METABOLINK

During lifespan, environmental fluctuations consistently forced organism and cells to develop metabolic flexibility in order to maintain their energy homeostasis.

In this context, many aspects of cellular/tissue metabolism changes are driven by redox metabolism as well as inter-cellular and inter-organs metabolic interactions that are fundamental to maintain tissue and whole body energetic homeostasis. Altogether, these parameters are in constant adaptation and represent the metabolic resilience of cell (cell capacity to face metabolic alterations).

Cibler le dialogue métabolique systémique et local afin d’améliorer la flexibilité métabolique — Targeting systemic and local metabolic dialogue to improve metabolic flexibility

We hypothesized that metabolic resilience directs the ability of the aging organism to maintain the main metabolic functions (storage, utilization and release of energy) necessary to perform towards healthy-aging or dependence when disrupted.

Our aim is to investigate the role and the regulation of local/systemic metabolic dialogue within a tissue (mesenchyma/parenchyma) and between metabolic tissues (adipose tissues/muscle/liver) by focusing on intracellular changes in metabolic pathways and redox state triggering major modifications of secretion and cell production. This will allow identifying new mechanisms that contribute, when defective, to the onset or aggravation of age-related diseases (sarcopenia, metabolic diseases) that could represent therapeutic targets of interest.

Inter-cellular and inter-organs metabolic interactions are fundamental to maintaining tissue and whole body energetic homeostasis. The effectors mediating these metabolic interplays include both hormones/cytokines and metabolites (gathered under the term “metabokines”), the latter being able to act either as nutrients or signaling molecules.

During aging, these changes of “metabokines” profile could interfere with the dialogue between metabolic tissues such as adipose tissues, muscle and liver and consequently support the decline of metabolic flexibility during aging.

Therefore, the impact of aging on the overall distribution of “metabokines” fluxes remains to be fully described. To that aim, we are developing new models of accelerated of early aging (Nothobranchuis Furzeri, genetic diseases, nutritional input) combined to state-of-the-art approaches (fluxomics, organ-on-chip) able to identify and target new pathways and therapeutic candidates.

Using up to date experimental animal models and human resources, we are establishing the link between age-related loss of metabolic functions and redox state and are studying the causes and consequences of metabolic flexibility alterations during aging in metabolic tissues.

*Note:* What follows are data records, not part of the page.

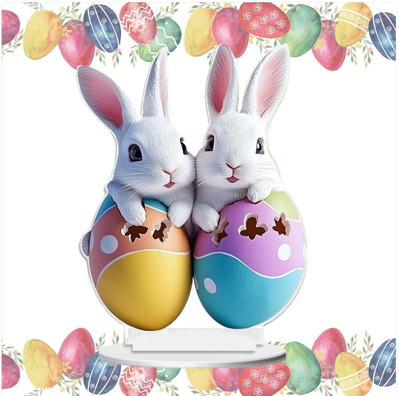
Image: The Easter Bunny Figurine (Scb585 variant) as the main product image.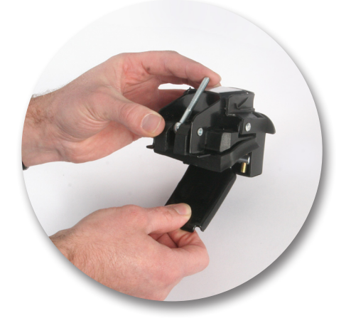
Fit the clamp to the leg.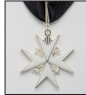
Knight of Grace

Many aspects of cellular/tissue metabolism are driven by redox metabolism, which corresponds to a complex network of electron transfer. The maintenance of redox homeostasis is of paramount importance for normal cell and tissue functions and increasing evidences demonstrate that the redox state is the main conductor regulating the metabolic reorganization during stress, which is enabled by functional metabolic flexibility.

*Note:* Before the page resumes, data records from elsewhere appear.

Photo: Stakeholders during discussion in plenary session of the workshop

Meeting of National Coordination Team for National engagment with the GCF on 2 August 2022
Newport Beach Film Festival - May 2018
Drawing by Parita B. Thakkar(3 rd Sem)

In addition to support energy homeostasis, redox state drives many cellular functions including cell proliferation, differentiation, senescence as well as autocrine/paracrine/endocrine activity. While redox stress is well known to be associated with aging, Metabolink aims to understand and to target the network and the dynamics of the metabolic and redox reorganizations associated with aging and age-associated pathologies.